- DATA SEGMENT -
▼
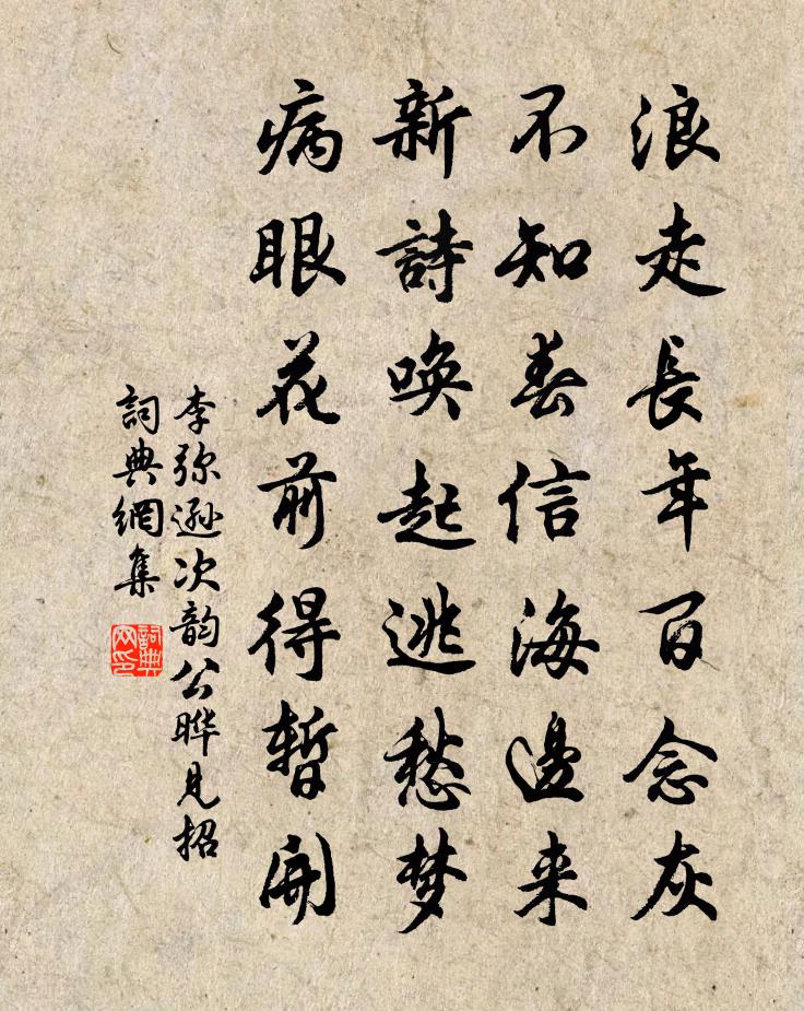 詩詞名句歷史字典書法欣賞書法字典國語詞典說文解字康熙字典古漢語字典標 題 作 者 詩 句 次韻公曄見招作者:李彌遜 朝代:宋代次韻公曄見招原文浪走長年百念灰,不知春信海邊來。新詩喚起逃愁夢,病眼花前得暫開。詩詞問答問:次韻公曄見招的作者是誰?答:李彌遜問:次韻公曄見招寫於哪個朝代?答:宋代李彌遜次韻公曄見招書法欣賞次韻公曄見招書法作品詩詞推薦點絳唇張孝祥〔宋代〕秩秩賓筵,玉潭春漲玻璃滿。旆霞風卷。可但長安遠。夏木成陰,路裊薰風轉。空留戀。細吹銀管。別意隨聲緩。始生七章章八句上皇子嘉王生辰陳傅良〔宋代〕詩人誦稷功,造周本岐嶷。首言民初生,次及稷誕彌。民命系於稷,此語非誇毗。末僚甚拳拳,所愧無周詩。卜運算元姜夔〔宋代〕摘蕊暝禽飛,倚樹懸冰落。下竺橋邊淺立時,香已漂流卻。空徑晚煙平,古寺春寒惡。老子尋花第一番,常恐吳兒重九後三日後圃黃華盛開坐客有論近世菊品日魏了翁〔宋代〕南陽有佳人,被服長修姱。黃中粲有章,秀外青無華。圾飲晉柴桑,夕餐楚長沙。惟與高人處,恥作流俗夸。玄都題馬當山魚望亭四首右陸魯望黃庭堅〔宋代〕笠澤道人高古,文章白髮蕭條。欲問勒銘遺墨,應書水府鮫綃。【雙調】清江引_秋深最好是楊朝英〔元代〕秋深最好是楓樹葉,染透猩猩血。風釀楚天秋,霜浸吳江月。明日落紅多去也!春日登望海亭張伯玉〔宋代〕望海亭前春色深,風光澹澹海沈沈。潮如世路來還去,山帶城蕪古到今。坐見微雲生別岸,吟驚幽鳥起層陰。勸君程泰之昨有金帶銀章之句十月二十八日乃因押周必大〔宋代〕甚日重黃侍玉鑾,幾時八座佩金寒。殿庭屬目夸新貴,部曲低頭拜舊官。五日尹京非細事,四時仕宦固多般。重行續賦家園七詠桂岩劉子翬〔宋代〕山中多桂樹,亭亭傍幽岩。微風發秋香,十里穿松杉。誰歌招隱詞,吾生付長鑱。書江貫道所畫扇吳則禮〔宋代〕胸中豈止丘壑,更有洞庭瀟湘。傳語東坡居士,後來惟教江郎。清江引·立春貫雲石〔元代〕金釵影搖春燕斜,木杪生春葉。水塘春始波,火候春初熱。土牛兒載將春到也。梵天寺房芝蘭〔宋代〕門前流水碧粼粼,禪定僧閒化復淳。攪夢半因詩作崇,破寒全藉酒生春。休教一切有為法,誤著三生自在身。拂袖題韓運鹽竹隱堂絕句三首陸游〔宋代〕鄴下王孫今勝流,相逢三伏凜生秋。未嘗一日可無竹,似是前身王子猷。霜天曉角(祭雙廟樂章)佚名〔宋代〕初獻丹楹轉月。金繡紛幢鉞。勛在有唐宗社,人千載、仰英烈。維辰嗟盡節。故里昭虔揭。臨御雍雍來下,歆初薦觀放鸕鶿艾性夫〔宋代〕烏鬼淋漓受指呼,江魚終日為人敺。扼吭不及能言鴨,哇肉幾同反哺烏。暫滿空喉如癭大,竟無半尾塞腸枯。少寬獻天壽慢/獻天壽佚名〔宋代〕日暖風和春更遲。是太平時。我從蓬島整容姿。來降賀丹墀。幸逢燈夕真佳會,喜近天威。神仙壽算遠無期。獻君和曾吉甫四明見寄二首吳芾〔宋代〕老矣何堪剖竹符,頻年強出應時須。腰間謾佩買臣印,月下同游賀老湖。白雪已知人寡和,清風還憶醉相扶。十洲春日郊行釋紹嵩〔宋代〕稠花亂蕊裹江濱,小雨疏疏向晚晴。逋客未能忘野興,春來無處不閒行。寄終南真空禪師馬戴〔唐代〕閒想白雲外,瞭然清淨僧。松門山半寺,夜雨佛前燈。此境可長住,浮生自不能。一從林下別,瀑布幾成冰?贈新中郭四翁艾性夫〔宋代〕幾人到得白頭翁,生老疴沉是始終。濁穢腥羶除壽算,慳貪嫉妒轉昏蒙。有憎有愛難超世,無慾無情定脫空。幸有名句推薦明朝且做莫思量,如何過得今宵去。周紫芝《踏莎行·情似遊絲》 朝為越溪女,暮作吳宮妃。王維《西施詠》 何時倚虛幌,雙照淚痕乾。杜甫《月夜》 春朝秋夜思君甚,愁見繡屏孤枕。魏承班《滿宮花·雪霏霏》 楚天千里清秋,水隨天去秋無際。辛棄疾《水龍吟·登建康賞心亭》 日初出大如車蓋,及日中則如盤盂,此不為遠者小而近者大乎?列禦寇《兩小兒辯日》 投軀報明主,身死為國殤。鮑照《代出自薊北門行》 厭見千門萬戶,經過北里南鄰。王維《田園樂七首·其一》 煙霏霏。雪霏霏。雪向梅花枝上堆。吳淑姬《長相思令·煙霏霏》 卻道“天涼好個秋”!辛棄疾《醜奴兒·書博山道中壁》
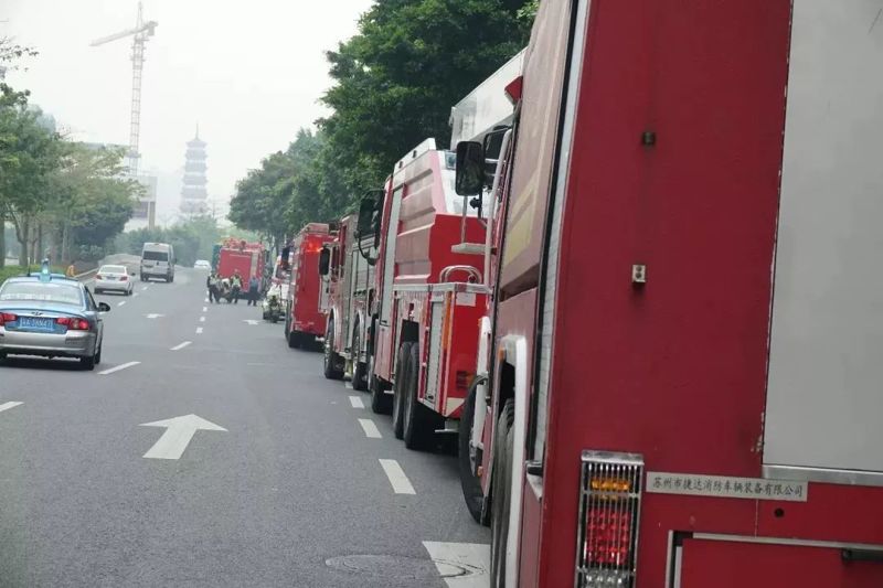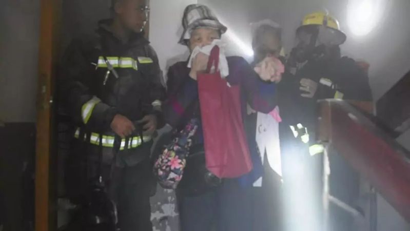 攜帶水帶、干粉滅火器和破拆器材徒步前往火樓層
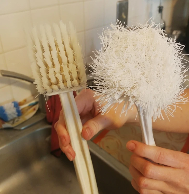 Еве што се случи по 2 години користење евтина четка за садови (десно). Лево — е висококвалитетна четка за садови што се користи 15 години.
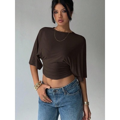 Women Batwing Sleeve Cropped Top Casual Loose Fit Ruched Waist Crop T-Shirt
▲
- TASK -
Write out again, word for word, the lines from the one holding "攜帶水帶、干粉滅火器和破拆器材徒步前往火樓層" through the final line of the listing, including both ends but no pictures.

- ANSWER SECTION -
 攜帶水帶、干粉滅火器和破拆器材徒步前往火樓層
 Еве што се случи по 2 години користење евтина четка за садови (десно). Лево — е висококвалитетна четка за садови што се користи 15 години.
 Women Batwing Sleeve Cropped Top Casual Loose Fit Ruched Waist Crop T-Shirt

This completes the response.